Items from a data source
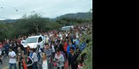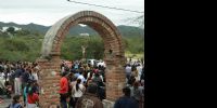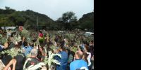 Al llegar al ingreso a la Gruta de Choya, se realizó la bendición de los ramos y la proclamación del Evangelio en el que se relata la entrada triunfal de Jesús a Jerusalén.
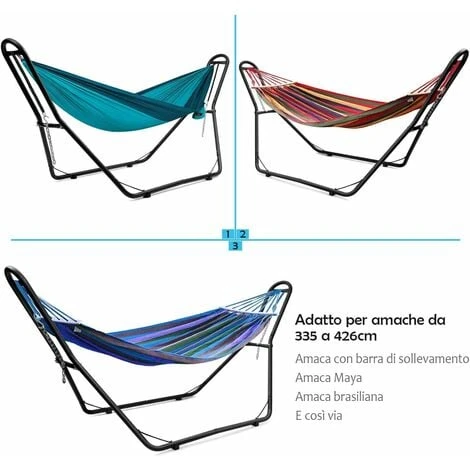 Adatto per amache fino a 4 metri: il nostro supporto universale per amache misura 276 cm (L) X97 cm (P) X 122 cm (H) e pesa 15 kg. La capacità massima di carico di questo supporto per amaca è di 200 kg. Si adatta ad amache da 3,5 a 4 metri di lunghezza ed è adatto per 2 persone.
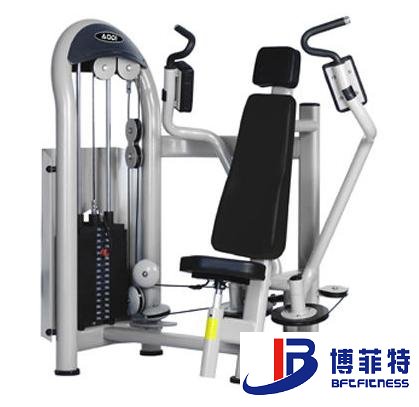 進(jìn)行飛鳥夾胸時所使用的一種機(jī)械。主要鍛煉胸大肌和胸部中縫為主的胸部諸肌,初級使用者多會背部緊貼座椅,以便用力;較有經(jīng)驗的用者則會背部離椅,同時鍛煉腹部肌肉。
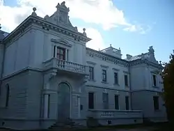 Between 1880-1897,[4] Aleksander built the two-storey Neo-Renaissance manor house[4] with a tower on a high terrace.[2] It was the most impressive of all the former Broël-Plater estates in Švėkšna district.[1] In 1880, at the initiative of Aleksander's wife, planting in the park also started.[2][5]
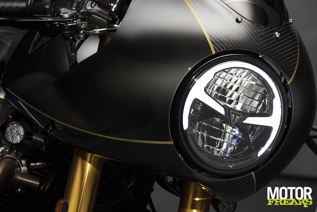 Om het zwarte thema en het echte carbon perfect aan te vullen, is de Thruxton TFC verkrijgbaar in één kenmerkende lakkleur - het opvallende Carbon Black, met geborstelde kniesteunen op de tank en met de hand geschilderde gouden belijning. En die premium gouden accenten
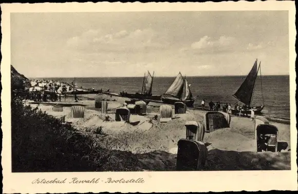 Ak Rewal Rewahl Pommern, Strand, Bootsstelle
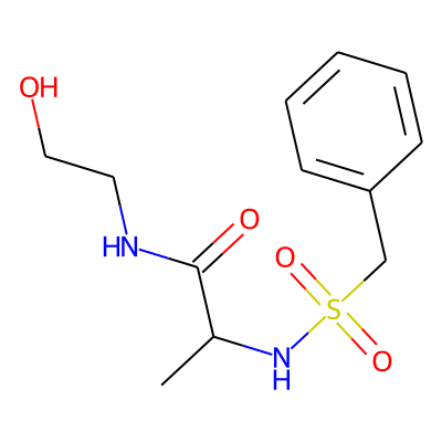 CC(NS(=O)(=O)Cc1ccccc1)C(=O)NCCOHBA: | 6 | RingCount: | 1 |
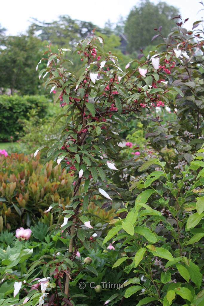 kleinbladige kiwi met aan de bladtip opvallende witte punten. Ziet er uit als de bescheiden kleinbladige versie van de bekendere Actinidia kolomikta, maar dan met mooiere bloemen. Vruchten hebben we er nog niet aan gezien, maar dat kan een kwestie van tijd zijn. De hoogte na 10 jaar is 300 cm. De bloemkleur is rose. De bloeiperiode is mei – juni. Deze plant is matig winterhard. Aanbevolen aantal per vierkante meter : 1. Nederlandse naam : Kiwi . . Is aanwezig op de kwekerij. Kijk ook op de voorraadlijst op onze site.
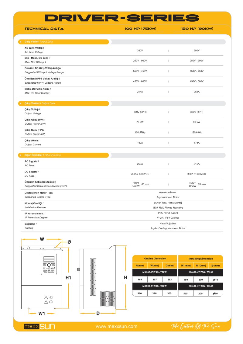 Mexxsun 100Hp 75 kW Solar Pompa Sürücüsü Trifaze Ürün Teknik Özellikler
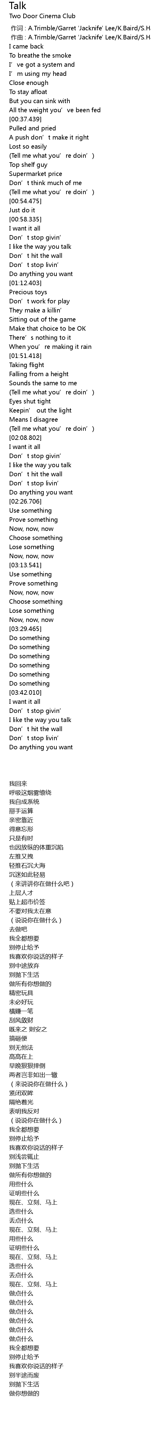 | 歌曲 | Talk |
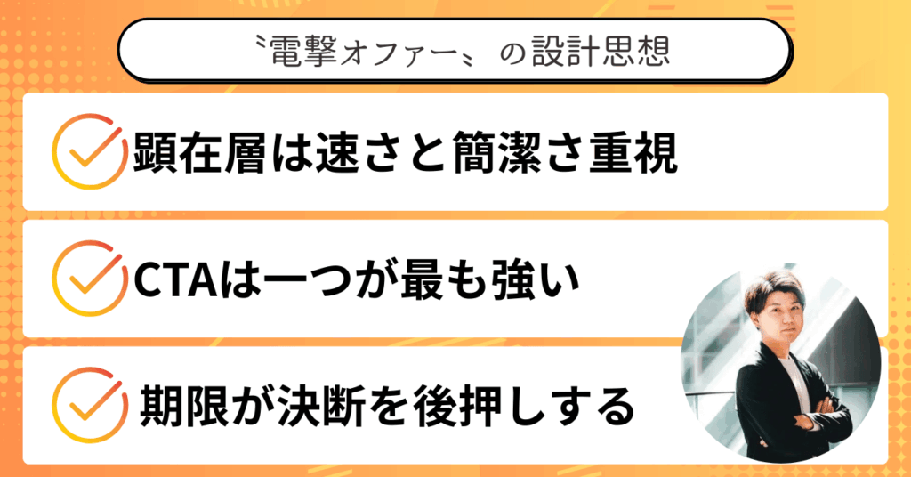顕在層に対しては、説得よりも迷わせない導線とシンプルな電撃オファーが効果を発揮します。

■ Problem: Quote only the lines that start at the line holding "Mexxsun 100Hp 75" and end at the last line of the entries, including both of those lines, and omit every picture.

■ Exercise response:
 Mexxsun 100Hp 75 kW Solar Pompa Sürücüsü Trifaze Ürün Teknik Özellikler
 | 歌曲 | Talk |
顕在層に対しては、説得よりも迷わせない導線とシンプルな電撃オファーが効果を発揮します。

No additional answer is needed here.